Causal layered analysis (CLA) is a technique used in strategic planning, futures studies and foresight to more effectively shape the future. The technique was pioneered by Sohail Inayatullah, a Pakistani-Australian futures studies researcher.

Theory

Causal layered analysis works by identifying many different levels, and attempting to make synchronized changes at all levels to create a coherent new future. Inayatullah's original paper as well as his TEDx talk identify four levels:

 The litany: This includes quantitative trends, often exaggerated and used for political purposes. The result could be a feeling of apathy, helplessness, or projected action. Inayatullah calls this "the conventional level of futures research which can readily create a politics of fear."
 Social causes, including economic, cultural, political, and historical factors.
 Structure and the discourse that legitimizes and supports the structure.
 Metaphor and myth

History of research

CLA was first introduced explicitly as a futures research technique by Sohail Inayatullah in a 1998 article for Futures that would come to be widely cited.
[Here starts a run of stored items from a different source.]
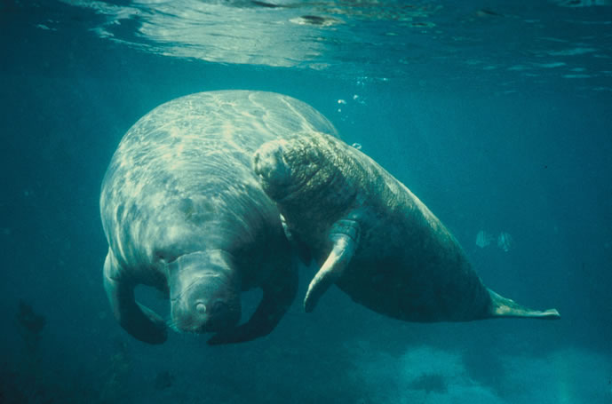 The West Indian manatee is an endangered aquatic mammal that lives in rivers, estuaries, canals, and saltwater bays.
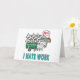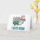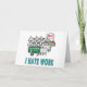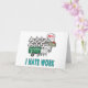 Ich Hate Work zeigt die Schafe, die glücklich zu ihrer Arbeit marschieren, während unser arbeitshafter Anti-Held in die andere Richtung geht. Die Worte "I Hate Work" unten machen den Punkt deutlich.
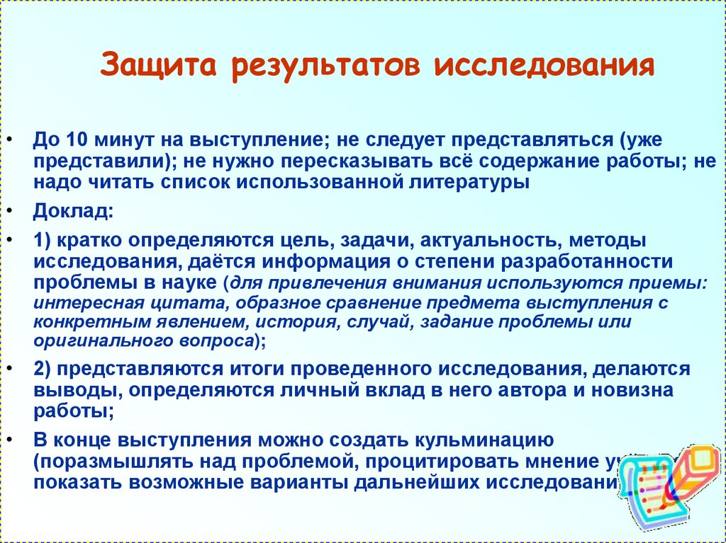 Защита результатов исследования• До 10 минут на выступление; не следует представляться (уже
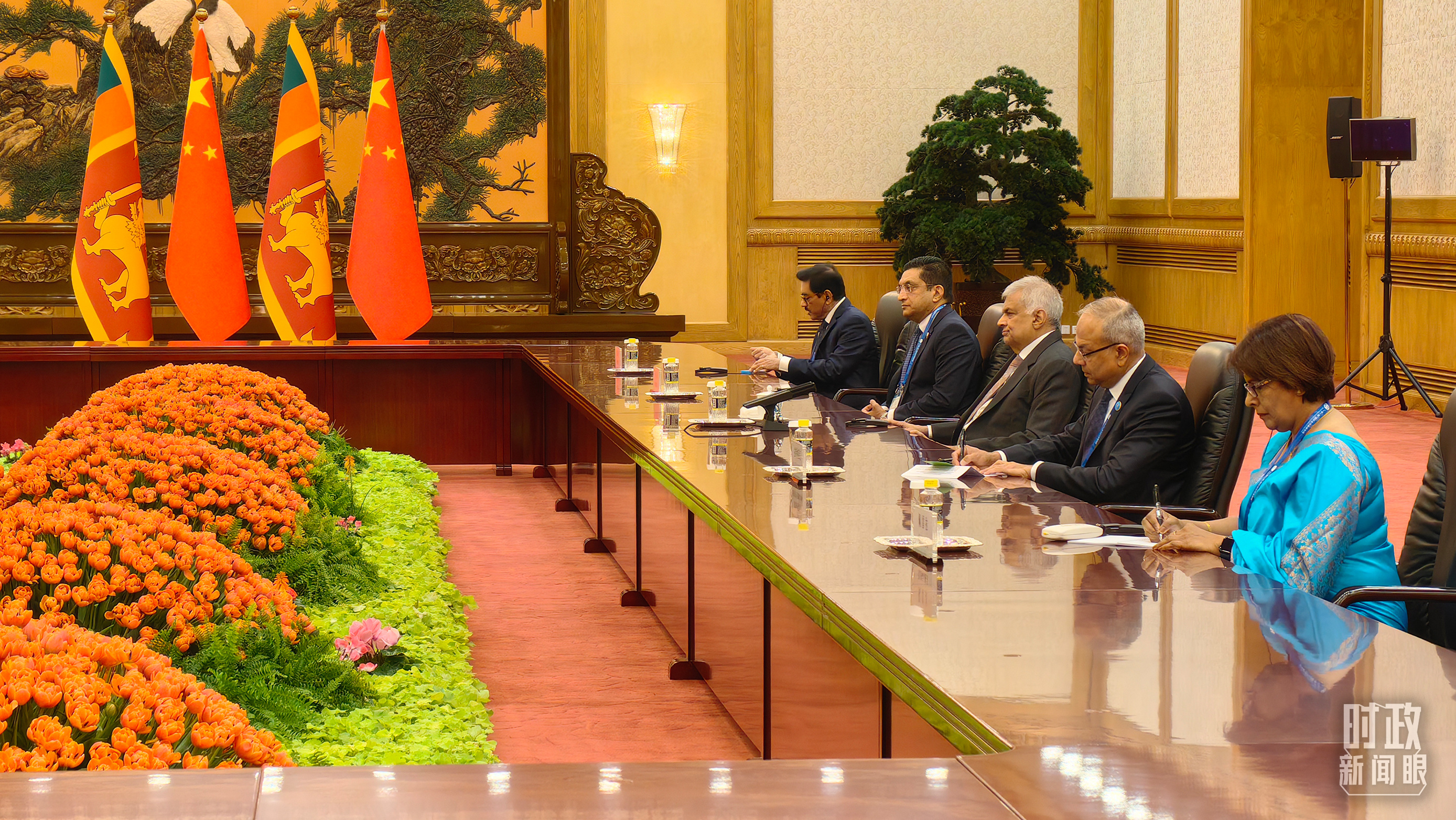 會(huì)見(jiàn)現(xiàn)場(chǎng)擺放的中國(guó)、斯里蘭卡國(guó)旗。(總臺(tái)央視記者范一鳴拍攝)
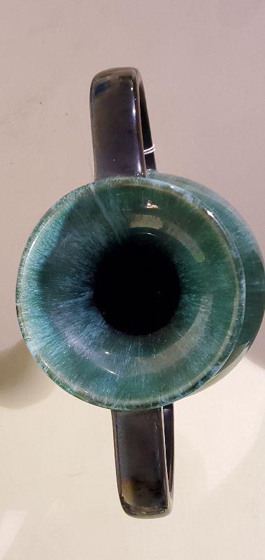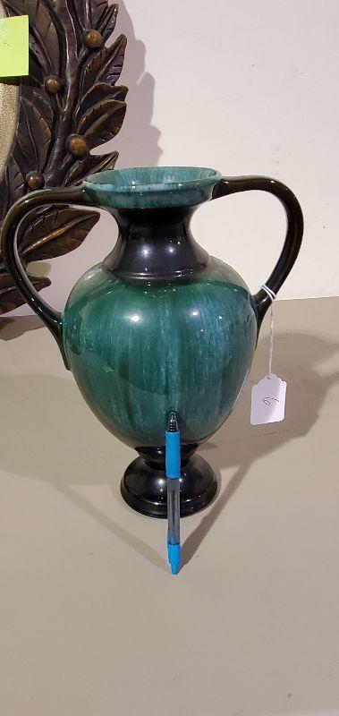 Vintage Tall Green Black Pottery Vase with Handles (item #64)
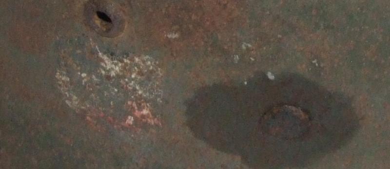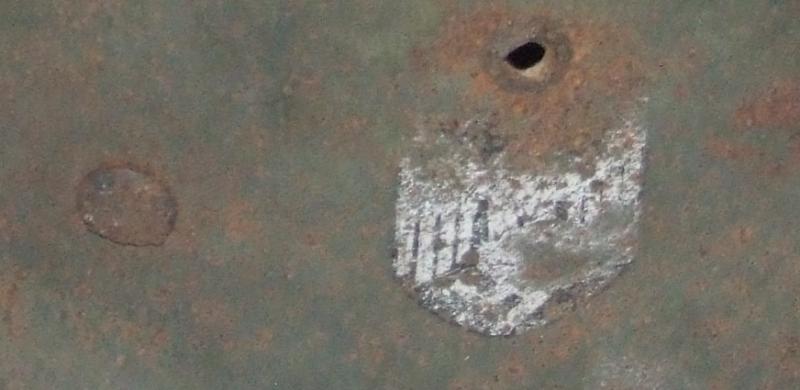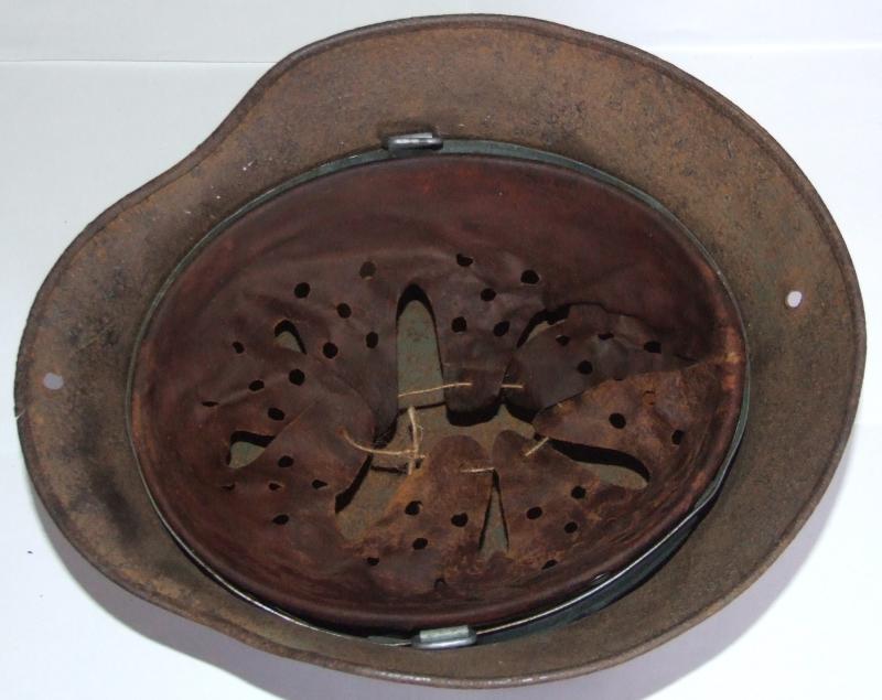An army M35 double decal helmet. Field green paint inside and out, with extensive pitting on the outside shell. Three-inch stack mark on crown. A hole is punched in the front rim which has caused a small crack. A similar hole is punched into the rear skirt, possibly for a carrying strap. Vents are rusted in place. Eagle decal is 60 per cent intact with most of the top of the eagle obliterated by rust. National decal is 30 per cent intact. No visible batch number or size stamp but seems to be a 64. Hide liner in fair condition. No chinstrap, but chinstrap bales present

Later, Inayatullah would edit the CLA Reader, that featured chapters from a number of futurists and practitioners describing their experience with CLA.

Inayatullah's work on CLA was examined in a book by Jose W. Ramos in 2003.

A 2008 article by Chris Riedy examined the similarities, differences, and possible combinations of CLA and Ken Wilber's integral theory.

A 2010 article by Gary P. Hampson explored the relationship between integral futures and CLA further, and also considered Richard Slaughter's critique of CLA.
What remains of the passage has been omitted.